- [Description of the task]:
Character for character, transcribe the entries below, minus the images.

- [Data under study]:
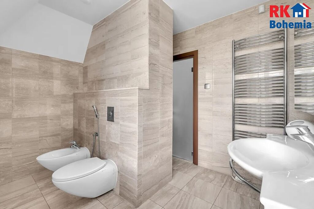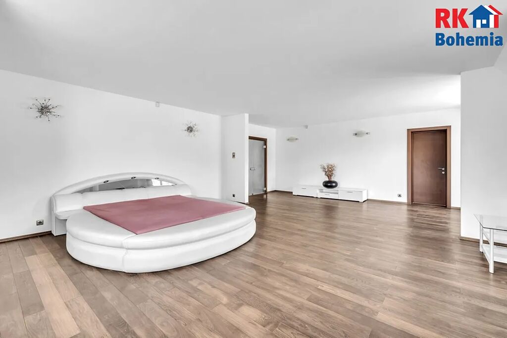 Bonusem je velmi citlivě upravená zahrada ze zavlažováním, se vzrostlými stromy a s travnatou plochou na heliport či tenisové kurty. Pozemek s vyhřívaným krytým bazénem a jezírkem velmi dobře doplňuje výjimečnost samotné stavby. Může sloužit pro rodinnou relaxaci a odpočinek a rovněž dokáže nabídnout potenciál v případě komerčního využití.
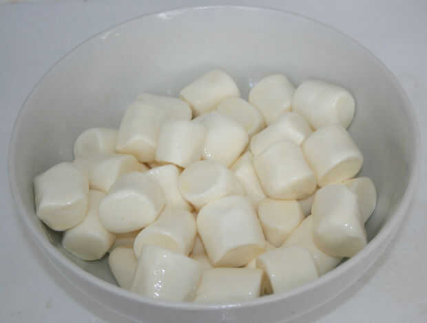 2: derretir la mantequilla en un bol en el microondas (me llevó unos 50 segundos). Agregar malvaviscos y microondas por dos minutos, revolviendo después de uno. (tres minutos!)
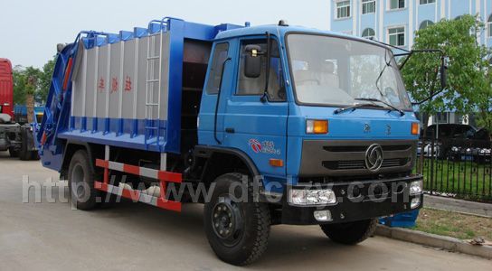 | 東風153壓縮式垃圾車采用東風本部153底盤。有效容積8-12方,液壓操作(可選裝電液一體,電控操作裝駕駛室內),可選裝后翻轉(垃圾桶、推鏟)。 |
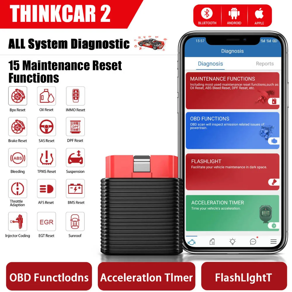 Оригинальный сканер Thinkcar 2 ThinkDriver с полной системой OBD2, поддержка ABS SAS, услуги сброса для iOS, Android
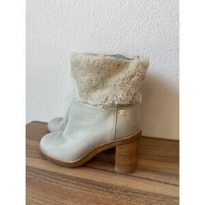 Chanel Shearling Suede Ankle Boots – Cream / Ivory – Fur Trim Size 37 1/2

- [Task solution]:
 Bonusem je velmi citlivě upravená zahrada ze zavlažováním, se vzrostlými stromy a s travnatou plochou na heliport či tenisové kurty. Pozemek s vyhřívaným krytým bazénem a jezírkem velmi dobře doplňuje výjimečnost samotné stavby. Může sloužit pro rodinnou relaxaci a odpočinek a rovněž dokáže nabídnout potenciál v případě komerčního využití.
 2: derretir la mantequilla en un bol en el microondas (me llevó unos 50 segundos). Agregar malvaviscos y microondas por dos minutos, revolviendo después de uno. (tres minutos!)
 | 東風153壓縮式垃圾車采用東風本部153底盤。有效容積8-12方,液壓操作(可選裝電液一體,電控操作裝駕駛室內),可選裝后翻轉(垃圾桶、推鏟)。 |
 Оригинальный сканер Thinkcar 2 ThinkDriver с полной системой OBD2, поддержка ABS SAS, услуги сброса для iOS, Android
 Chanel Shearling Suede Ankle Boots – Cream / Ivory – Fur Trim Size 37 1/2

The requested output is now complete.